In translation, word frequency tends to be a dominant indicator of product quality. Specifically, a translation using more low-frequency words is likely to be well-performed, especially regarding its language quality and the communicative effect. In complement, a good performance in meaning expression can be predicted by a high level of NP variety. In paraphrasing, the concreteness and contextual distinctiveness of words used in products are more closely correlated with the meaning expression, with less concrete and more contextual-specific words signaling a better delivery of the content meaning. Besides, a higher level of the NP and clause complexity tends to suggest a better quality in text composition. The performance of communicative effects in paraphrases can be predicted by both lexical and syntactic-level indicators.

In summary, all three dimensions in the analytical assessment of product quality, namely meaning expression, language quality, and communicative effects, can find at least one predictive index extracted by NLP tools. Therefore, the original quality evaluation rubrics can be updated by adding these indices accordingly, which may serve as a reference for the teachers to assist in assessing the product quality. Figures 6, 7 represent the new frameworks for quality assessment in translation and paraphrasing, respectively. The proposed evaluation frameworks stand out in their combined measurements with both objective textual features and rubric scoring, which are expected to be effective for the evaluation of translations and paraphrases with a communicative purpose. These evaluation frameworks can be seen as tools for teachers to achieve a more systemic, reliable, and efficient evaluation of translation and paraphrasing quality.

FIGURE 6

Figure 6. The NLP-assisted Evaluation Framework for TQA.

FIGURE 7

Figure 7. The NLP-assisted Evaluation Framework for PQA.

Comparing product quality between translation and paraphrasing

The proposed evaluation frameworks enable us to compare the product quality between translation and paraphrasing in a more comprehensive way. Results from the textual feature analysis first suggest that the overall predictive effect of textual features tends to be much more robust in translation than paraphrasing. Besides, there exist shared lexical sophistication indices which can distinguish the product quality in both tasks mainly from the perspective of the product’s communicative effects. These indices can measure almost all aspects of lexical sophistication, including word frequency, word range, trigram association strength, and psycholinguistic lexical properties (Kyle and Crossley, 2015). Notably, we further discovered that the predictive weight of the textual features in quality seems to differ between translation and paraphrasing to some extent. Specifically, word frequency is possibly a salient lexical-level measurement to indicate translation performance. In paraphrasing, however, the most predictable indicators tend to measure the words’ psycholinguistic property (concreteness) and their distributional difference (contextual distinctiveness). Moreover, although the performance of two tasks can be predicted by the NP diversity, the quality of paraphrases can also be distinguished by the degree of clause complexity, which may not be applicable in translation.
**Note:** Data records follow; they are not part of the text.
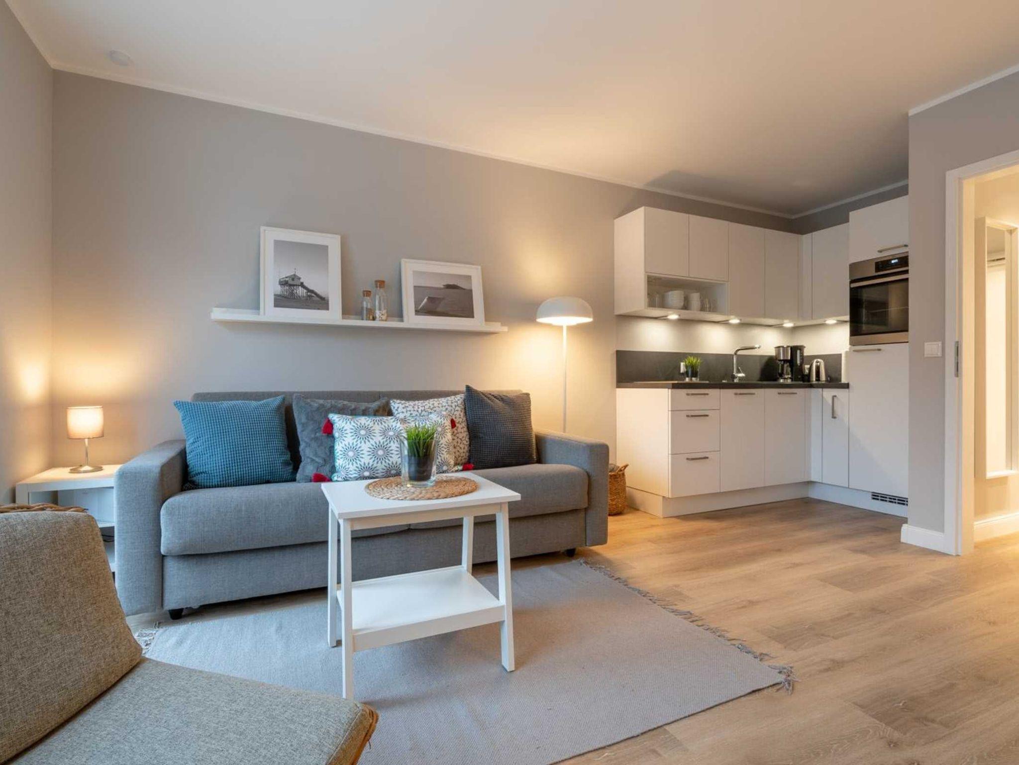 Wohn- und Schlafzimmer mit ausklappbarem Schlafsofa (160x195cm, mit rückenfreundlichem Ergoflex-Lattenrost und Matratze), Sessel, Esstisch für 2 Pesonen, TV (Sat) und CD-Player mit Radio. Französischer Balkon. Offene Küche mit Herd mit 2 Kochstellen, Backofen, Geschirrspüler und Kühlschrank mit Gefrierfach.
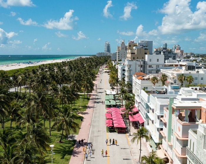 Het wordt sterk aanbevolen om over het bijna 13 kilometer lange verharde fietspad te fietsen, dat zich uitstrekt langs de Miami Beachwalk. Het biedt een prachtig uitzicht op de karakteristieke, pastelkleurige art-decohuizen van de stad aan de ene kant en de zee aan de andere kant. Het is niet ondenkbaar dat je onderweg wordt verleid tot een duik in de zee, of lunch in een van de vele kleine cafés.
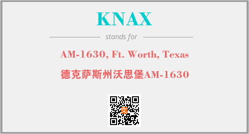 上述内容是“AM-1630, Ft. Worth, Texas”作为“KNAX”的缩写,解释为“德克萨斯州沃思堡AM-1630”时的信息,以及英文缩略词KNAX所代表的英文单词,其对应的中文拼音、详细解释以及在英文中的流行度和相关分类、应用领域及应用示例等。

Regarding the human rating scores, an overall strong positive correlation was observed, with separate analyses confirming relatively strong correlations in both holistic and analytical evaluations. These results imply that, according to the translation teachers, the quality of the translations and paraphrases in the current study is highly related. The participants in our experiment who are proficient in translating tend to also outstand in the performance of the paraphrasing task, and vice versa. Admittedly, the sample size in this correlation analysis is relatively small, which could be a concern for any absolute conclusion. Still, our results could provide preliminary evidence on the consistency of task performance between translation and paraphrasing.

In sum, our findings suggest that there are shared grounds and divergences regarding the product quality between translation and paraphrasing. This conclusion echoes previous studies discussing their similarities and differences from a process-oriented approach (Whyatt et al., 2016; Whyatt and Naranowicz, 2020; Ma et al., 2022). More importantly, the difference in the cognitive load between translation and paraphrasing might be one contributor to the observed divergences in the textual features of their products. Translation has been confirmed to be cognitively more demanding compared to paraphrasing, mainly due to the extra processing cost for bilingual transfer (Whyatt et al., 2016; Ma et al., 2022). Under this circumstance, participants’ language choice is likely to be more affected during translation regardless of their proficiency, resulting in a narrower gap between high-quality and low-quality products. As a result, the vocabulary choices in translations with different qualities can only demonstrate a significant distinction in the breadth of participants’ vocabulary knowledge (e.g., Poor translations are inclined to contain words with a lower frequency). Kyle and Crossley (2015) argued that word frequency measures tend to lack sensitivity to the depth of vocabulary knowledge, such as the psycholinguistic properties or the constraints on use (Schmitt, 2014). For example, words with a similar frequency of occurrence could vary significantly in the values of contextual diversity, which further differentiates their levels of sophistication. It is reasonable that professional translators can perform much better on these lexical features in a less cognitive-demanding condition. Therefore, indicators of these lexical features appear to be more predictive of the paraphrasing quality. Similar to the syntactic level, different levels of translation quality are distinguished mainly by the complexity of NP, whereas paraphrases in different qualities can show diversity in the choice of higher-level linguistic units (e.g., clauses) as well.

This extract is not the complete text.